▸ Task instructions:
No pictures belong in the copy. Retype exactly, and only, the stretch of lines below from the one with "Stylized illustration of" through the one with "The JINR party".

▸ Data section:
_ _ _

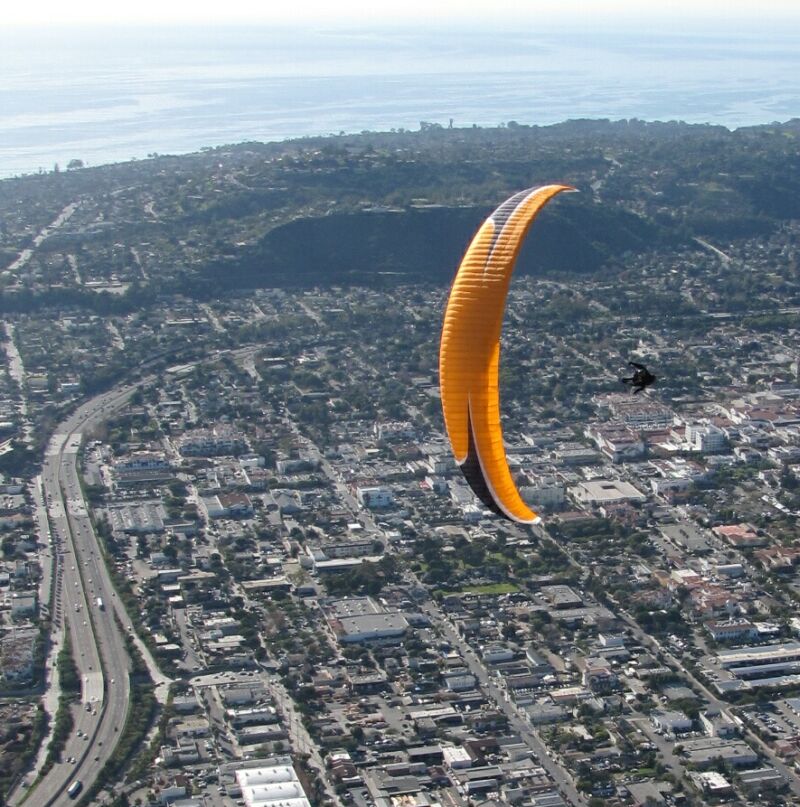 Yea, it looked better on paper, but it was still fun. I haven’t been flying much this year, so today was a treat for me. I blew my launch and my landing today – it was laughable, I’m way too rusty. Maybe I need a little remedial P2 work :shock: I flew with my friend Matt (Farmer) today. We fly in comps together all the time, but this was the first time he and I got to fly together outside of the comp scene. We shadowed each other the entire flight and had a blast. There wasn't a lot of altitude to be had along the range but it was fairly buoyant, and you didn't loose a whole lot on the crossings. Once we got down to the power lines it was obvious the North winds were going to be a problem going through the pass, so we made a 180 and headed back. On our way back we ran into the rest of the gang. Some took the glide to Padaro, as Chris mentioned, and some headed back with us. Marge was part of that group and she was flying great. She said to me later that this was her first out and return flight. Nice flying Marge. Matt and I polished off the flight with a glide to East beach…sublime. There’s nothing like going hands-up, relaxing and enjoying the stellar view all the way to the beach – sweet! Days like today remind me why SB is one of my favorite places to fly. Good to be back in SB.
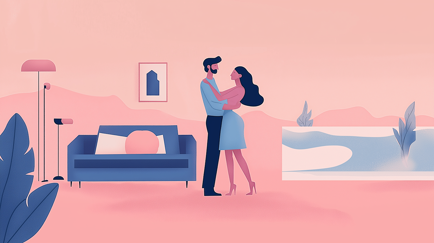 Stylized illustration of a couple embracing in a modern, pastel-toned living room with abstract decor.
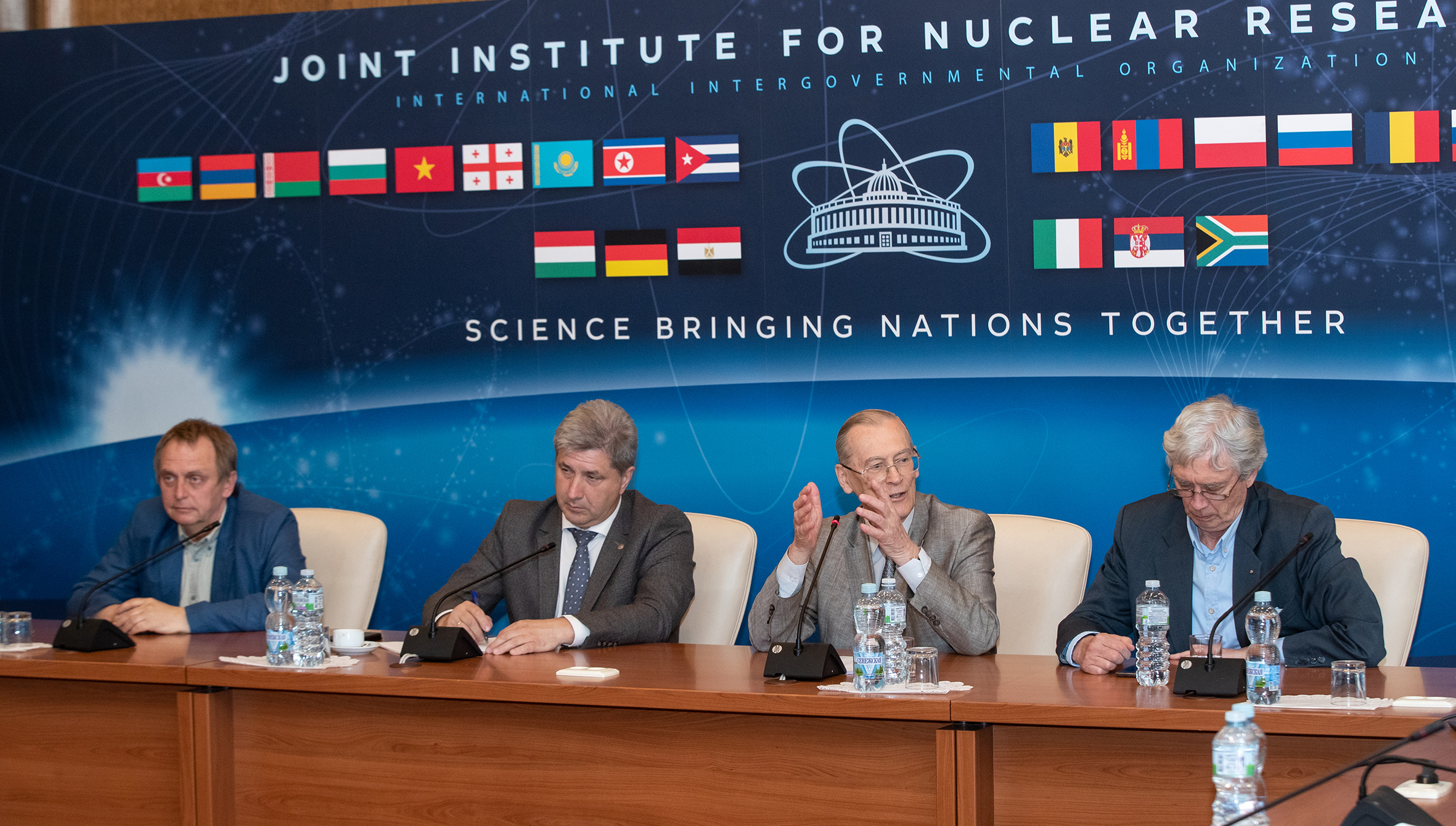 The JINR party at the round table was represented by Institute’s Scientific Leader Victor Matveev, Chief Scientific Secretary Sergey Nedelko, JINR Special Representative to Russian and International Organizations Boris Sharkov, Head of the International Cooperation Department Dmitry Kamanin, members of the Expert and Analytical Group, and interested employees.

_ _ _

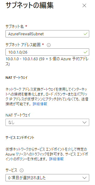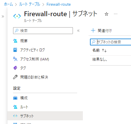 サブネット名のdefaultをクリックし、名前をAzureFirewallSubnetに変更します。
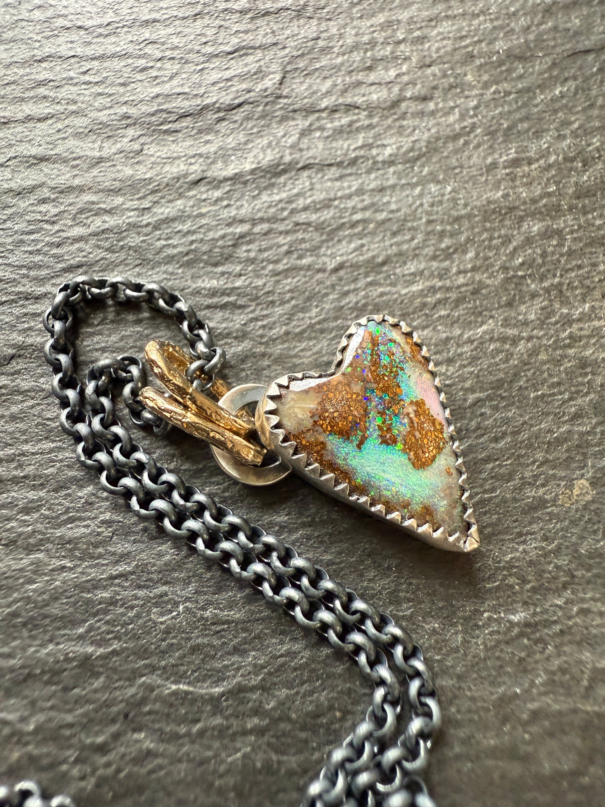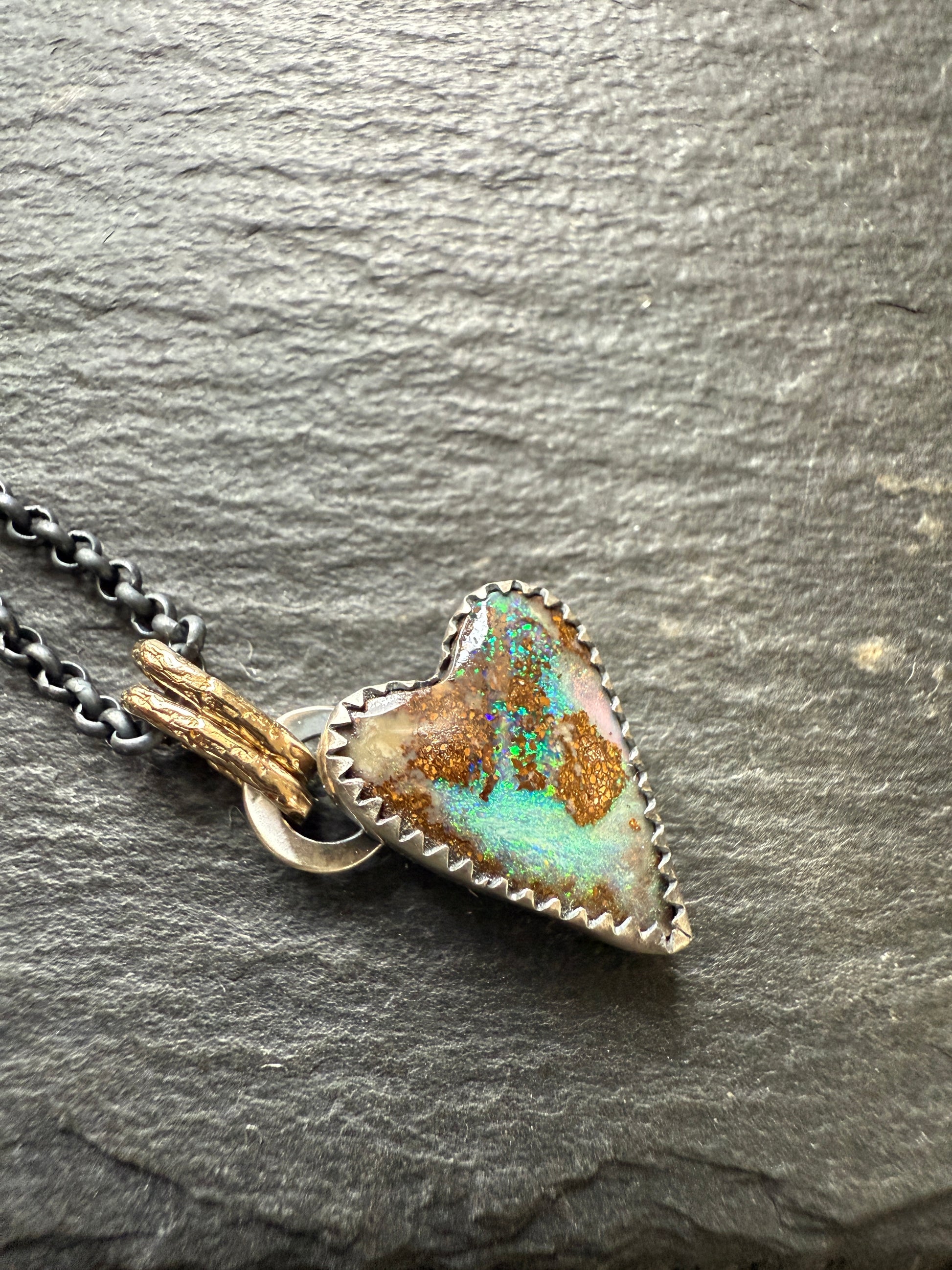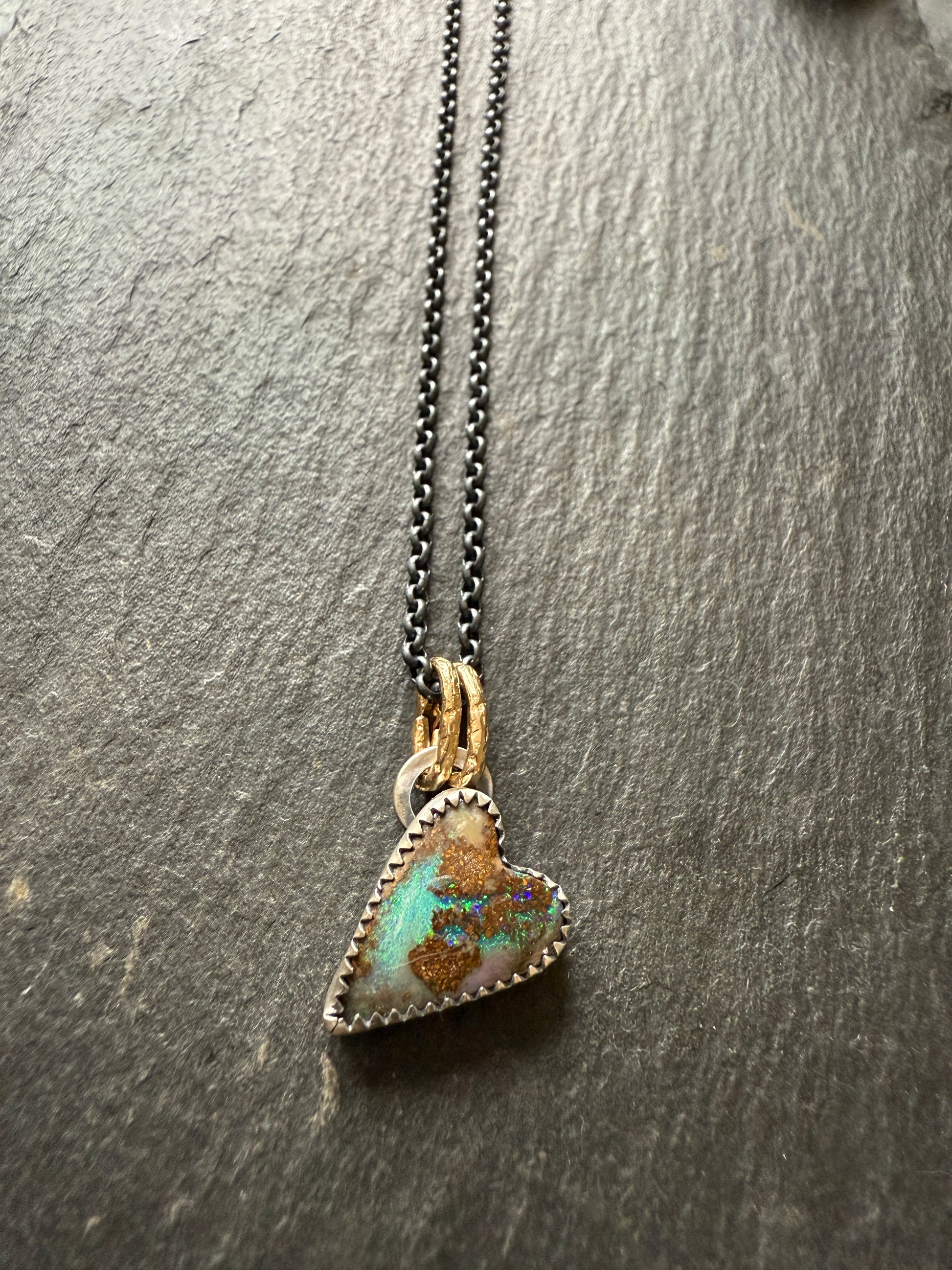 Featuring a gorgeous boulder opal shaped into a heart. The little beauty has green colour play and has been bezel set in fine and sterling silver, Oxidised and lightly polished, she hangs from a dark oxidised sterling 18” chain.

_ _ _

▸ Solved problem:
 Stylized illustration of a couple embracing in a modern, pastel-toned living room with abstract decor.
 The JINR party at the round table was represented by Institute’s Scientific Leader Victor Matveev, Chief Scientific Secretary Sergey Nedelko, JINR Special Representative to Russian and International Organizations Boris Sharkov, Head of the International Cooperation Department Dmitry Kamanin, members of the Expert and Analytical Group, and interested employees.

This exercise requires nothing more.